Ida Lewis: The Girl Who Kept Lime Rock Burning
by [?]

This came to be the accepted fashion among captains of the schooners which in that day plied so frequently between New York and Newport, and many a letter of thanks, or a more substantial remembrance, did she receive from some one she had piloted across the angry bay.

Soldiers trying to reach the fort, or sailors anxious to row out to their ships, always found a ready ferry-woman in Ida, and before the Lewis family had been in the lighthouse for many months she was one of the most popular young persons on land or sea within many miles–for who had ever before seen such a seaworthy young mariner as she, or where could such a fund of nautical wisdom be discovered as was stored in her clear head? This question was asked in affectionate pride by more than one good seaman who had become Ida’s intimate friend at the close of her first year on Lime Rock, while all the skippers had an intense admiration for the girl who not only handled her life-boat with a man’s skill, but who kept the light filled and trimmed and burning to save her father steps, now that he was crippled with rheumatism.

The heat of summer had given place to the crisp coolness of a glorious October day as Ida was just starting to row to the mainland to do an errand for her mother. She looked out of the window, across the bay, to see if there was any prospect of a shower, and her keen eyes glimpsed a sight that made her hurry for the glass. Looking through it, she gave a sharp cry and rushed to the door.

“What is it, daughter?” the captain queried.

But Ida was already out of the house. So he hobbled slowly to the window and, with the use of the glass Ida had dropped, saw his energetic child push the life-boat out of its shelter, drag it to the shore, jump in and row rapidly to the middle of the bay where a pleasure-boat had capsized. There were four men in the water, struggling with the high waves which momentarily threatened to overcome them. When Ida reached them in her life-boat, two were clinging to the overturned craft, and two were making a desperate effort to swim toward shore. The watching captain, through his glass, saw Ida row close to the capsized boat and with strong, steady hands pull and drag one after another of the men into her boat. When they were all in, she rowed with sure strokes back across the stormy water, carrying her load of human freight to shore and receiving their thanks as modestly as if she had not done a remarkable deed for a girl of seventeen.

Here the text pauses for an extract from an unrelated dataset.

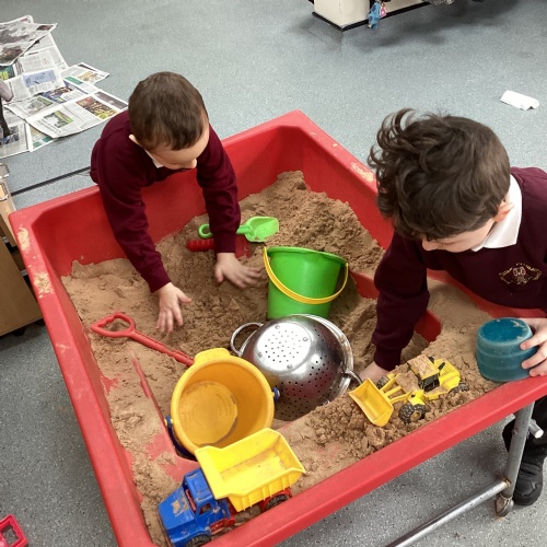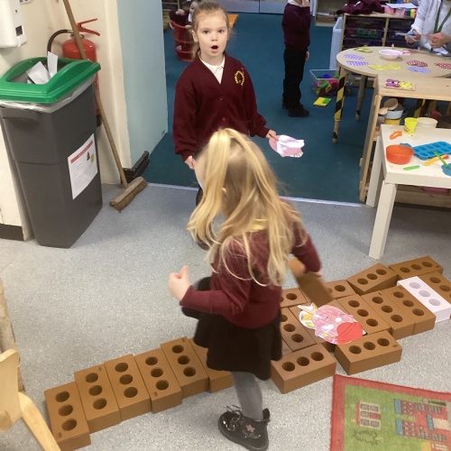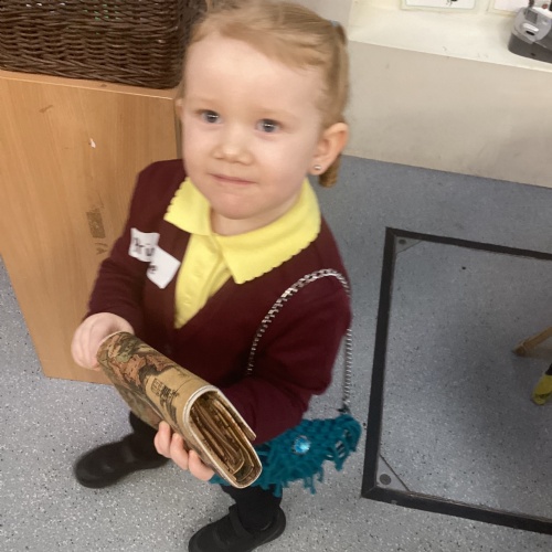 This week we have had a focus of dinosaurs. Our text was Harry and the Bucketful of Dinosaurs which the children engaged with really well and wanted to read the other books within this sequence. During outdoor exploration children went on a dinosaur hunt whereby they were finding hidden dinosaurs and collecting these in their buckets. Also outdoors children took part in a Train Station roleplay. They throughly enjoyed this and even created their own lost and found area. Using the crates they were being very imaginative building their own trains. Some children took the role of the ticket officer and stamped children's tickets to get on the train.

A very fine piece of work was Ida’s first rescue, but by no means her last. She loved to row out in a storm and dare the winds and waves to do their worst, and she grew to think her mission a clear one, as life-saver of the light.

A year after her first experience as life-saver, her father, who had recently been paralyzed, died, and so capable was his eighteen-year-old daughter in doing his duties that she was allowed to continue in the care of the light until her father’s successor should be appointed. When the news came to her, Ida’s eyes gleamed, as if in anticipation of some happy event, and to her devoted Newfoundland dog she exclaimed: “We love it too well to give it up to anybody; don’t we, doggie dear? We will succeed to ourselves!” And she did succeed to herself, being finally made keeper of the light by special act of Congress–the appointment being conferred upon her in 1879 by General Sherman as a compliment to her ability and bravery; doubtless because of the recommendation of those fishermen and seamen whose respect for the brave girl was great and who did not wish the government to remove her. In any case, she was chosen for the responsible position as successor to her father, and to herself, as she quaintly put it, and more and more she became devoted to every stone of the small promontory, and to every smallest duty in connection with her work and her island home.